● DATASET CONTENT:
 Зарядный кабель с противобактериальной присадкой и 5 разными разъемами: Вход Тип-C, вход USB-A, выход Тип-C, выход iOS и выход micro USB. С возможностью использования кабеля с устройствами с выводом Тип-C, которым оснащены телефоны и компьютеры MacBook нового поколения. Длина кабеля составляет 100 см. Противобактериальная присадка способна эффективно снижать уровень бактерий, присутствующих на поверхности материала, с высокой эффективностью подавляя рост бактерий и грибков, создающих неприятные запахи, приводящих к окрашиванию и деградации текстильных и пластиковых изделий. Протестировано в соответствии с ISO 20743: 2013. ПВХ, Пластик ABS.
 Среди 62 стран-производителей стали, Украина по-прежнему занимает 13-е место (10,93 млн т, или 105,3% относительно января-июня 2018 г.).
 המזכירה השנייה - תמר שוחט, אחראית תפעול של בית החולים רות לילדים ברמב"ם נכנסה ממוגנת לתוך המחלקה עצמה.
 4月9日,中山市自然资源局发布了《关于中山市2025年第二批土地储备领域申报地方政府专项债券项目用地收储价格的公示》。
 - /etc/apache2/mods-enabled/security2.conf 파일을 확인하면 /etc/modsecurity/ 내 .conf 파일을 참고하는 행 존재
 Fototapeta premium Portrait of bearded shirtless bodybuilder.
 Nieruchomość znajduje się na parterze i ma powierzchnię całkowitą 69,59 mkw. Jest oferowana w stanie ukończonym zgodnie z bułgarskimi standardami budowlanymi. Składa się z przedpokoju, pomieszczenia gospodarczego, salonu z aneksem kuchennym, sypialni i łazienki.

...

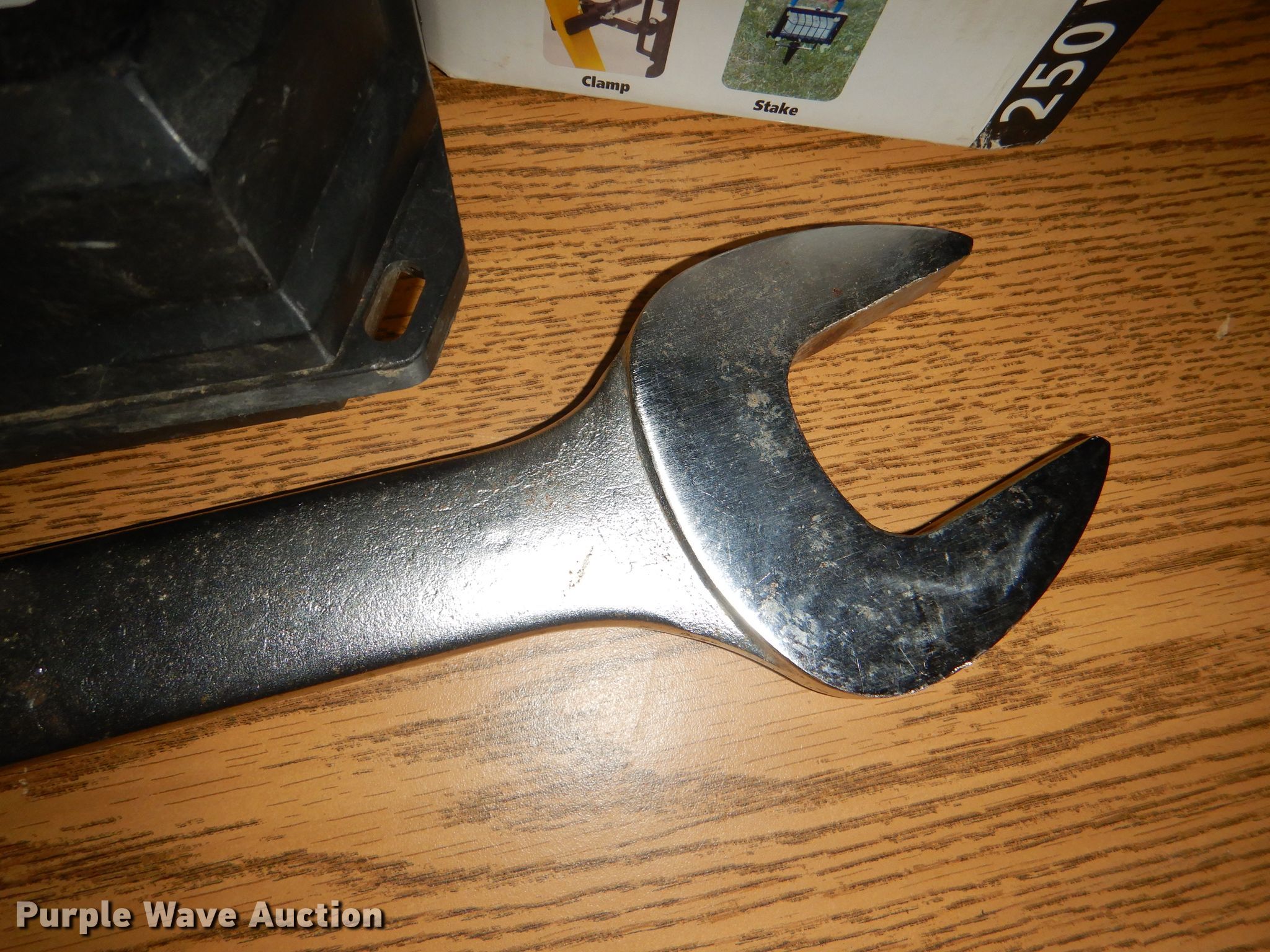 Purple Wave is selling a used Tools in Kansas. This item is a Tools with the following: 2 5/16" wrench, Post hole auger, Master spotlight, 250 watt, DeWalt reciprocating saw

...

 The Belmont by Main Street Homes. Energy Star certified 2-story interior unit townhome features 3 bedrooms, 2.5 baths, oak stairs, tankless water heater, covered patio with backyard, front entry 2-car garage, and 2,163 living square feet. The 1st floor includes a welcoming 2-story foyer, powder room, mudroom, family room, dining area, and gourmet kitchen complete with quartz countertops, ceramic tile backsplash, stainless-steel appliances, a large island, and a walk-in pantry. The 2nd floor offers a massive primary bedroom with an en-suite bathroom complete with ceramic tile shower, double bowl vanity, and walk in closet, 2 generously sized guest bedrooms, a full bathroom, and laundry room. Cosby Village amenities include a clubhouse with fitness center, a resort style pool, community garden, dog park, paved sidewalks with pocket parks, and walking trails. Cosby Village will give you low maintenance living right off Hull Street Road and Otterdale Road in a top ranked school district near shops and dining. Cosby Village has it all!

● YOUR INSTRUCTIONS:
From the entries above, write out only the lines starting at the line that holds "Fototapeta premium Portrait" and ending at the line that holds "Nieruchomość znajduje się", keeping both and matching them exactly.

● TASK OUTPUT:
 Fototapeta premium Portrait of bearded shirtless bodybuilder.
 Nieruchomość znajduje się na parterze i ma powierzchnię całkowitą 69,59 mkw. Jest oferowana w stanie ukończonym zgodnie z bułgarskimi standardami budowlanymi. Składa się z przedpokoju, pomieszczenia gospodarczego, salonu z aneksem kuchennym, sypialni i łazienki.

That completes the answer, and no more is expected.